### THE TASK
In the material below, print every line exactly and omit the pictures.

### INFORMATION PROVIDED
###

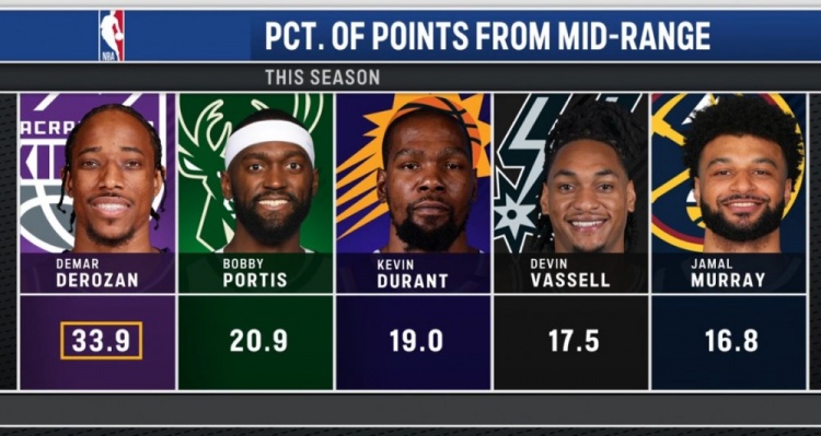 經(jīng)典永不過時(shí)!本賽季中距離得分占比德羅贊33.9%第一&杜蘭特第三
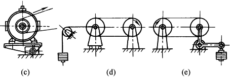 c是靠电机的自重或定子的反力矩张紧,多用于小功率传动。应使电机和带轮的转向有利于减轻配重或减小偏心距 d、e常用于带传动的试验装置 |
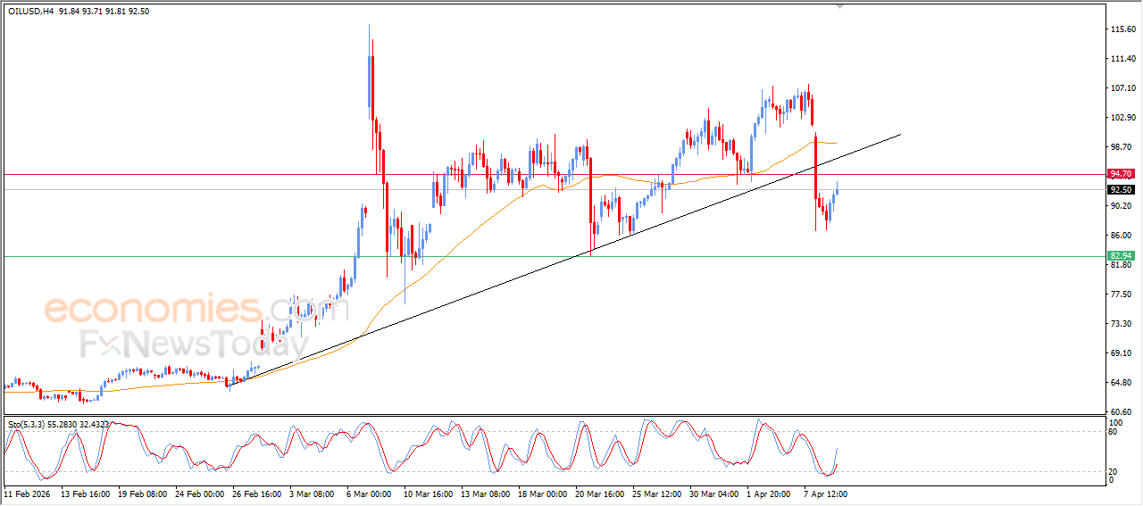Crude oil extended its gains during recent intraday trading, attempting to recover part of its previous losses, supported by relative improvement in momentum as the price tries to ease its oversold condition in relative strength indicators, especially with the emergence of positive signals. This movement reflects the price attempting to catch its breath after recent pressures.
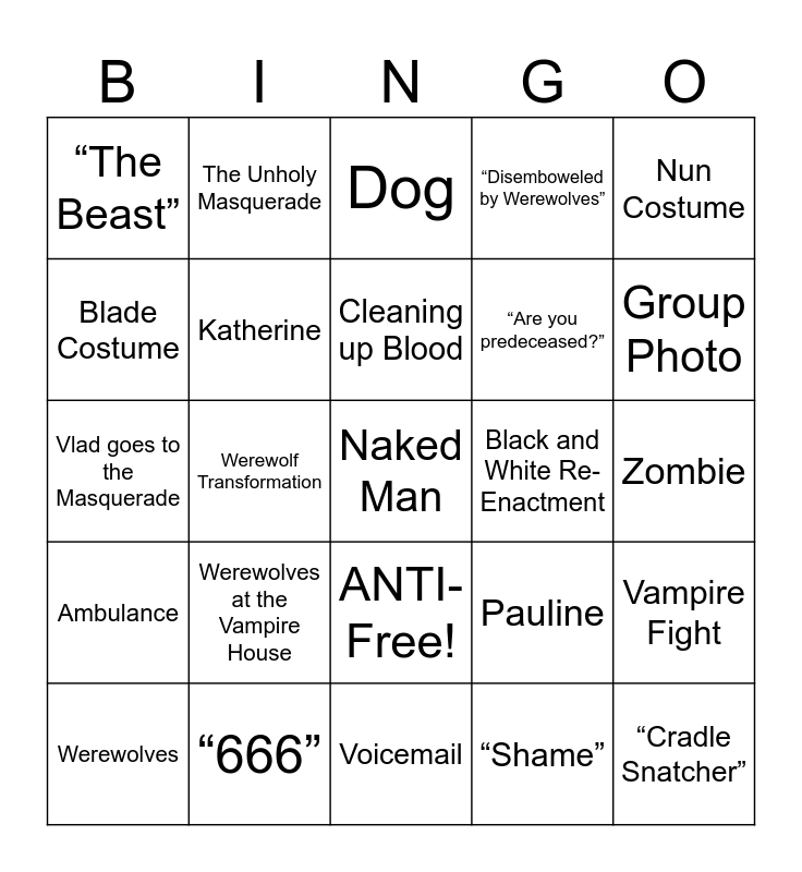 This bingo card has 26 words: ANTI-Free!, “Shame”, Cleaning up Blood, “666”, Nun Costume, “The Beast”, Blade Costume, The Unholy Masquerade, Zombie, Pauline, “Are you predeceased?”, Vlad goes to the Masquerade, Vampire Fight, Werewolves, Werewolf Transformation, Cameraman is Attacked, “Disemboweled by Werewolves”, Ambulance, Dog, Naked Man, Group Photo, Voicemail, Black and White Re-Enactment, Werewolves at the Vampire House, Katherine and “Cradle Snatcher”.

###

### OUTPUT OF THE EXERCISE
 經(jīng)典永不過時(shí)!本賽季中距離得分占比德羅贊33.9%第一&杜蘭特第三
 c是靠电机的自重或定子的反力矩张紧,多用于小功率传动。应使电机和带轮的转向有利于减轻配重或减小偏心距 d、e常用于带传动的试验装置 |
Crude oil extended its gains during recent intraday trading, attempting to recover part of its previous losses, supported by relative improvement in momentum as the price tries to ease its oversold condition in relative strength indicators, especially with the emergence of positive signals. This movement reflects the price attempting to catch its breath after recent pressures.
 This bingo card has 26 words: ANTI-Free!, “Shame”, Cleaning up Blood, “666”, Nun Costume, “The Beast”, Blade Costume, The Unholy Masquerade, Zombie, Pauline, “Are you predeceased?”, Vlad goes to the Masquerade, Vampire Fight, Werewolves, Werewolf Transformation, Cameraman is Attacked, “Disemboweled by Werewolves”, Ambulance, Dog, Naked Man, Group Photo, Voicemail, Black and White Re-Enactment, Werewolves at the Vampire House, Katherine and “Cradle Snatcher”.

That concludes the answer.